A plasma spray powder comprising a uniform powder blend of silicon nitride and a plasma meltable metal produces a coating having some of the properties of silicon nitride.

Description

This application is a continuation of Ser. No. 420,456, filed Sept. 9, 1982, now abandoned.
BACKGROUND OF INVENTION
This invention relates to a powder for plasma spray applications and coating produced by plasma spraying.
SUMMARY OF INVENTION
Silicon nitride is known for its wear resistance and for its lubricity. However, by itself it is not capable of making a good plasma-spray coating. Like many ceramic-type powders, it is difficult to melt in the plasma flame. Thus the resulting coatings are not well melted and poorly adherent to the substrate. In addition, some decomposition of the silicon nitride can occur at the plasma temperature.
In accordance with the present invention, there is provided a plasma spray powder comprising a uniform powder blend of silicon nitride and a plasma meltable metal. A plasma sprayed coating comprises silicon nitride particles in a matrix of the plasma melted metal.
The metal melts during plasma spraying and bonds the particles of silicon nitride to each other and to the substrate. The molten metal fills the interstices between silicon nitride particles to give a dense coating.
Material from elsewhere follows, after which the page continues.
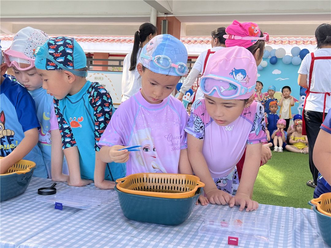 与水的游戏,畅享欢乐中。更有专注、认真、执着挑战的厦大幼萌娃!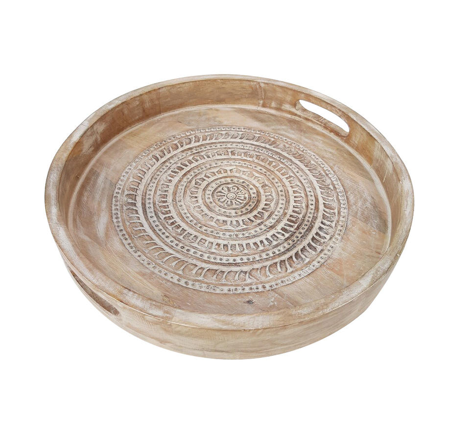 Product Name:Wooden Hand Carved Round Serving Tray With Handles

The coating may be used for piston ring coatings and gas-turbine-component coatings.
DETAILED DESCRIPTION
The plasma meltable metal and silicon nitride are combined to produce a uniform blend. The more intimate the mix, the more likely the silicon nitride will be protected from decomposition during spraying and the less likely the chance for undesirable separation. Preferably the overall blend has an average particle size of less than about 10 microns and comprises from about 20 to about 80 percent by weight silicon nitride. The meltable metal and silicon nitride are preferably utilized in pure form so that the resulting blend consists essentially of silicon nitride particles and meltable metal particles.
The meltable metal preferably melts below the decomposition temperature of silicon nitride. Typical metals comprise nickel, iron, copper or cobalt and alloys thereof. Alloys generally comprise the above metal as a major constituent with minor amounts of secondary metals. Nickel and nickel alloys are preferred. Typical nickel alloys comprise at least 20 percent by weight nickel with the remaining minor constuents being chromium, iron, tungsten, molybdenum, and additives being boron, silicon and carbon. Typical nickel alloys are Ni20Cr or the NiCrBSiC alloys of the AMs 4775 type.
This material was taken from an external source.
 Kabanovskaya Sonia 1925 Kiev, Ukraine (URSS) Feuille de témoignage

Preferably the uniform powder blend is agglomerated by methods known in the art to produce an agglomerated powder of silicon nitride and meltable metal. Such agglomeration techniques include forming powder compacts and subsequently crushing and screening them. However, agglomeration by spray dyring is in general preferred for its flexibility and economy of operation on a production scale as well as its close control over the size of the agglomerated particles produced.
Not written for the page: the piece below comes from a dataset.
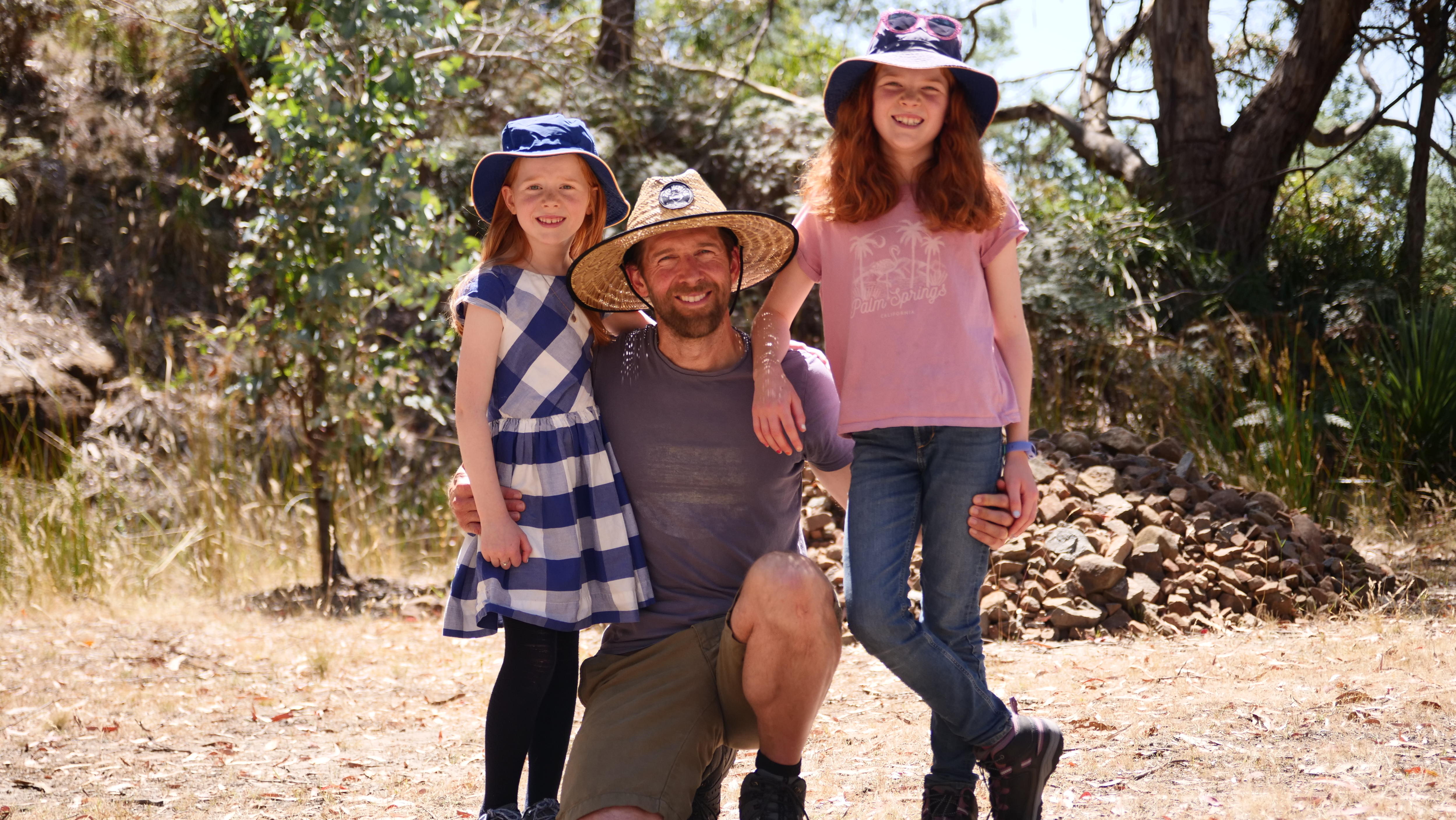 Andrew Marshall and his girls Paige and Adia are used to spotting wallabies and the odd echidna on their Tinderbox property, south of Hobart.

Conditions under which slurries are formed and spray dried are well known. For example, U.S. Pat. No. 3,617,358, issued Nov. 2, 1971 describes formation of slurries. Other suitable methods for agglomerating are described in U.S. Pat. Nos. 3,881,911; 3,973,948 and 4,025,734, hereinafter discussed.
The agglomerates may be conveniently classified to obtain a desired particle size distribution. It is generally desired to have at least about 50%, more preferably at least about 80% of the particles within a 50 micron average particle size range.
The classified agglomerates are passed through a furnace at low temperatures to decompose the binders used for agglomeration and further treated at high temperatures to strengthen them for subsequent handling.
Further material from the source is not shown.